恥ずかしさが全身を駆け巡って、ルーシェは真っ赤に染まった。クリスの顔を見ていられなくて、顔を伏せた。
「うん、可愛い。安心してほしい。ちゃんとジェフリーには納得してもらうから」
「おいおい、そんな約束していいのか?」
ジェフリーがまぜっかえすように茶々を入れた。クリスはひどく真面目な顔で頷いた。
「もちろんだ」
「ではサロンへ行こうか」
ジェフリーはそう促した。クリスはルーシェに軽く手を上げてから、その後に続く。
二人を見送りながら、ため息をついた。やってしまったことにひどく疲れた。
「母上!」
嬉しそうにジョルダンが飛びついてくる。エヴァンもどことなく嬉しそうだ。
「ジョルダン」
「心配しなくても大丈夫だよ! 僕たちがちゃんと母上を守るから! ね、エヴァン」
「そうだよ。母上は無理に父上の所に戻らなくてもいい」
任せておけと言わんばかりにジョルダンが胸を張り、エヴァンも真剣な顔で頷く。ルーシェは二人の気持ちが嬉しくて微笑んだ。
「ありがとう。あなた達がいるから心強いわ」
「うんうん、任せて!」
なんだかひどく嬉しそうに二人が笑うから、ほっとする。子供たちに反対されたらクリスとの結婚は考え直すつもりだった。
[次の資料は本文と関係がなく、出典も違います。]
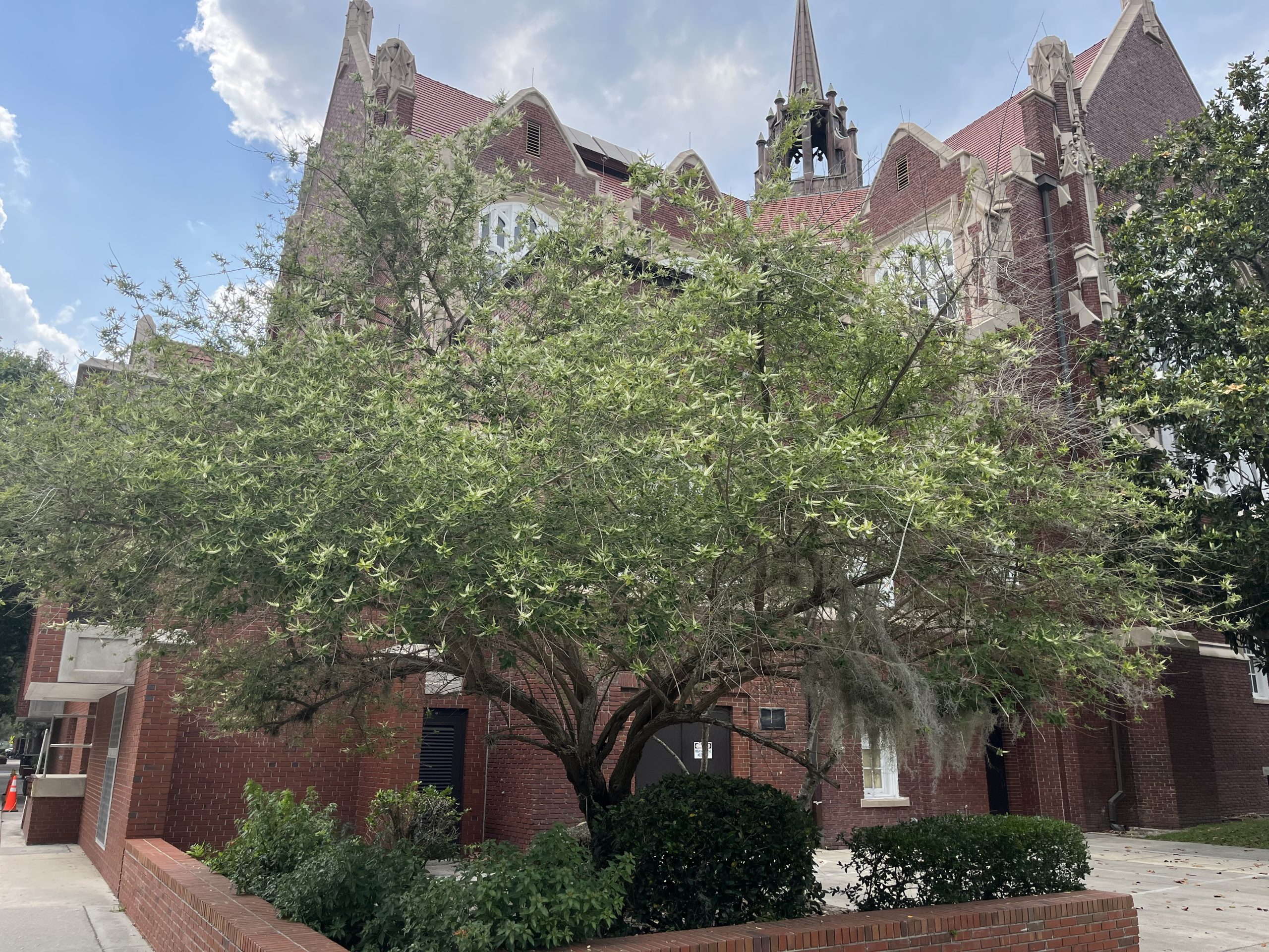 Two native plums (Prunus spp.) are commonly used as small trees in Florida yards, Chickasaw and Flatwoods. They both have spectacular white flowers in the early spring, followed by fruit, which probably won’t live up to grocery store standards but is much beloved by many birds and small mammals. Flatwood plums have thorns; Chickasaws don’t, which makes them a better choice for small yards where children and animals may play. Both prefer full sun and can reach 15 to 20 feet tall.

「でも、驚いた。母上、ずっと見ないふりをしていたのに……」
ぼそりとエヴァンが呟く。鋭い意見にルーシェは苦笑した。
「そうね。あなた達には伝えていなかったわね」
ルーシェは二人にウェンセスラスの「運命の相手」が間違いであったということを伝えていなかったことに気がついた。
「何を?」
「ちゃんと話したいから、わたしの部屋に来てちょうだい」
そう言って二人を普段仕事で使っている自室へと促した。